Growing data, growing complexity and growing attack surface
As data volumes grow across endpoints, identity, cloud, GenAI apps, intelligent agents, and infrastructure, the core challenge is no longer about collection. It’s about control. Security teams need to act faster—across an ever expanding attack surface—with greater context and lower overhead. But today’s data pipelines are bottlenecks—built for batch processing, limited in visibility, static, and too rigid for modern environments.
To move security toward real autonomy, we need more than detection and response. We need a streaming data layer that can ingest, optimize, enrich, correlate and route data intelligently and at scale.
By joining forces with Observo AI, SentinelOne can deliver a modern, AI-native data platform that gives enterprises full control over their data flows in real time—allowing for fast and seamless data routing into our SIEM, or any other destination.
It also strengthens the value we’re already delivering with Singularity and introduces a new model for reducing data costs and improving threat detection, across any SIEM or data lake—helping customers lower data overhead, improve signal quality, and extract more value from the data they already have, no matter where it lives.
Legacy data pipelines give way to the next generation
Yesterday’s security data pipelines weren’t designed for autonomous systems and operations. They were built for manual triage, static rules, and post-ingestion filtering. As organizations move toward AI-enabled SOCs, that model breaks down.
Data today is:
Duplicated and noisy
Delayed in enrichment and normalization
Inconsistent across environments
Expensive to ingest and store
Dynamic in nature while solutions are rigid
The result is that too many security operations teams are forced to compromise— compromise for cost, for speed, for complexity, for innovation, and worse of all—compromise on the right visibility at the right time.

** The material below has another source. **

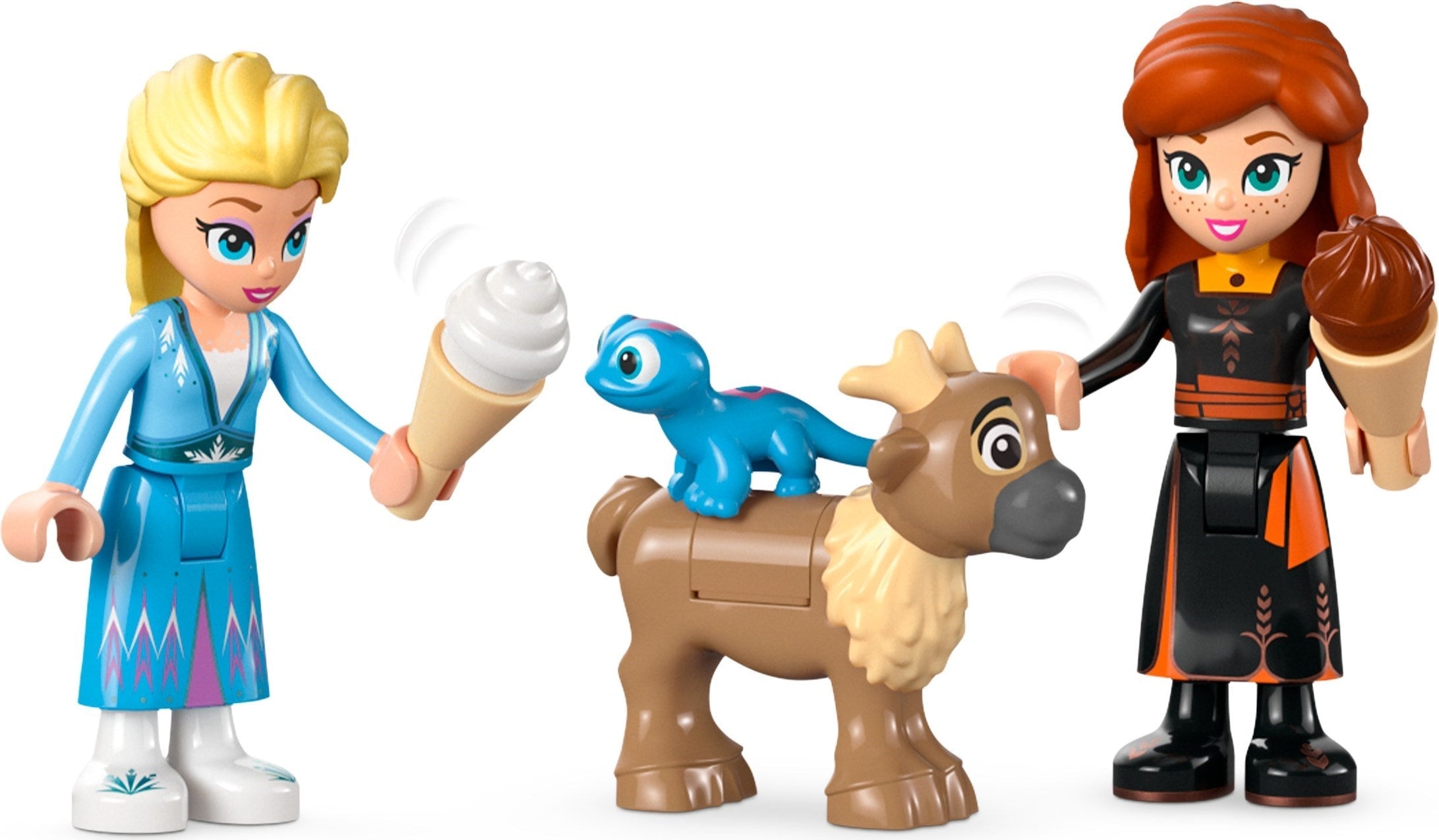 Unlimited palace play awaits kids aged 4 and up as they learn to build with this LEGO® | Disney Frozen Elsa’s Frozen Castle (43238) building toy. Inside is a castle with a kitchen, a fireplace, swing and slide area, a campfire, small ice canoe and lots of story starters. It includes Elsa and Anna LEGO | Disney mini-doll figures plus Bruni and baby reindeer LEGO | Disney animal figures.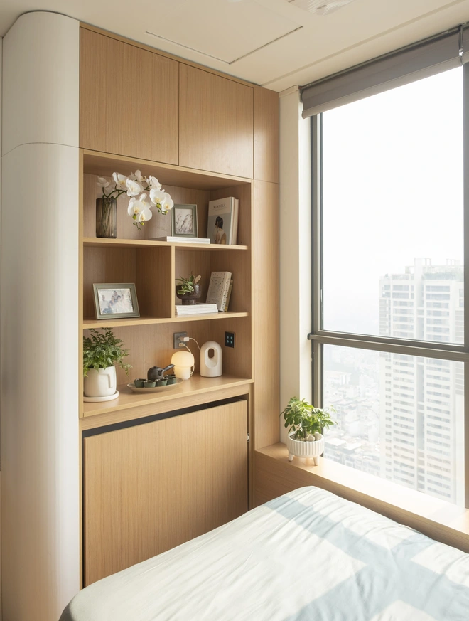 Đây là 1 bài toán khá khó khi căn phòng nhỏ nhưng vẫn phải có nơi ngủ đủ dành cho 2 người. Cả 2 team Concept Warehouse - KTS Nguyễn Cẩm Vân và Flexhome - KTS Phan Hùng đã đưa ra những phương án thiết kế tối đa hoá công năng trong căn phòng nhỏ. Sau một thời gian suy nghĩ, anh Bách đã lựa chọn KTS Phan Hùng cùng team Flexhome vì thiết kế mang cảm giác đơn giản và gọn nhẹ.

Observo AI is defining the next generation of data pipelines that change that by acting as an AI-driven streaming control plane for data. It operates upstream of SIEMs, data lakes, and AI engines—applying real-time enrichment, filtering, routing, summarizing, and masking before the data reaches storage or analysis. All this is achieved utilizing powerful AI models that continuously learn from the data.
It doesn’t just process more data. It delivers better data, faster, and with lower operational overhead.
The result is that teams can now harness the full benefit of all data in the SOC without compromise.
Observo AI’s real-time data pipeline advantage
Observo AI ingests data from any source—on-prem, edge, or cloud—and routes data to any destination, including SIEMs, object stores, analytics engines, and AI systems like Purple AI.
Key capabilities include:
Open integration – Supports industry standards and formats like OCSF, OpenTelemetry, JSON, and Parquet—ensuring compatibility across diverse ecosystems.
ML-based summarization and reduction – Uses machine learning to reduce data volume by up to 80%, without losing critical signal.
Streaming anomaly detection – Detects outliers and abnormal data in flight, not after the fact.
Contextual enrichment – Adds GeoIP, threat intelligence, asset metadata, and scoring in real time.
Field-level optimization – Dynamically identifies and drops redundant or unused fields based on usage patterns.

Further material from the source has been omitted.